Depending on the sensor type, the links between them may be provided by either wired or wireless communication. Domains in which USN are used include civil engineering, education, health care, agriculture and environmental monitoring. They also have much to offer regions that are vulnerable to natural disasters, where extensive warning systems are needed to prevent loss of life and property. Receiving quick, accurate data is vitally important when responding to natural disasters. High-resolution remote sensing data, for example, are especially useful for documenting hazards, and for determining where to locate facilities to respond to disasters, store emergency supplies and plan reconstruction.

Monitoring the activity of two dangerous volcanoes in Ecuador, for example, was the aim of a joint project by vulcanologists and computer scientists from Harvard University and three other institutions in the United States. They deployed a wireless sensor network at the Tungurahua and Reventador volcanoes to collect seismic and low-frequency acoustic signals that were sent to a remote location (Figure 1). The project was among the first to use tiny, low-power wireless sensor nodes, which are cheaper, lighter and smaller than previous systems.

Just 16 battery-powered sensor nodes were installed on the upper slopes of Reventador (see photograph below, right).
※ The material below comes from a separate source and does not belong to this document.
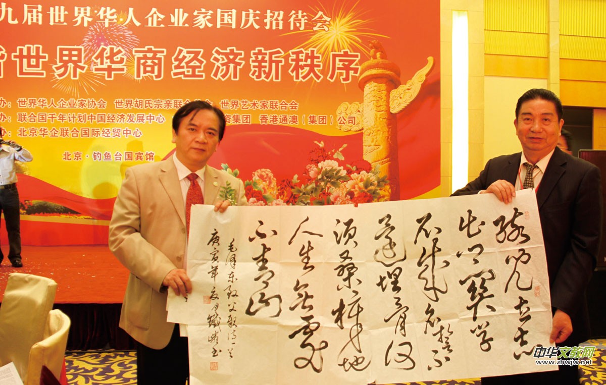 2010年第九屆世界華人企業(yè)家國慶招待會(huì)于9月27~29日在北京釣魚臺(tái)國賓館隆重舉行,國家領(lǐng)導(dǎo)人,國家相關(guān)部委負(fù)責(zé)人及社會(huì)各界知名人士出席了本次會(huì)議,大會(huì)授予了 “2010年度十大優(yōu)秀華人企業(yè)家”、世界著名藝術(shù)家”、“世界書畫藝術(shù)家”等。應(yīng)大會(huì)的強(qiáng)烈邀請(qǐng),來自廣東汕頭的中國著名書法家劉延超展示了其最近創(chuàng)作的作品,其剛剛出版的書法集《中國實(shí)力派書法家--劉延超作品集》也借此機(jī)會(huì)隆重首發(fā),該作品集是由著名書法家、詩人、資深傳媒人笑琰先生題寫書名,并經(jīng)cctv和科技信息報(bào)今日文教編輯部推薦的最具收藏價(jià)值書畫名家集,收集了作者近年的力作。鑒于劉延超在書法藝術(shù)的卓越貢獻(xiàn)和高深藝術(shù)造詣經(jīng)大會(huì)組委會(huì)的一致認(rèn)可,并成功入選大會(huì)以上榮譽(yù)。

The collected data were sent over a long-distance radio link to an observatory. Over three weeks, the network captured 230 volcanic events, producing useful data for scientific research and disaster prevention. The low cost, size, and power requirements of wireless sensor networks give them an advantage over previous instrumentation.

Figure 1 — Monitoring a volcano
Source: Harvard University, School of Engineering and Applied Sciences.

Wireless sensor networks have also found commercial applications in the construction industry. For example, in San Francisco, United States, a wireless sensor network is embedded into the Golden Gate Bridge to continuously monitor stress loads. In bad weather or earth tremors, engineers receive alerts and can take action to keep the bridge safe.

Targeted services could also benefit from USN. For example, shops and restaurants could send messages to the mobile phone of a potential customer in the vicinity with matching tastes. USN could also provide directions to a mobile device used by a person with disabilities, so that he or she could follow an accessible route.

Standardization is needed

Standardization is essential for the effective diffusion of any technology. However, because they are highly diverse, USN present a standardization challenge that is unusually complex.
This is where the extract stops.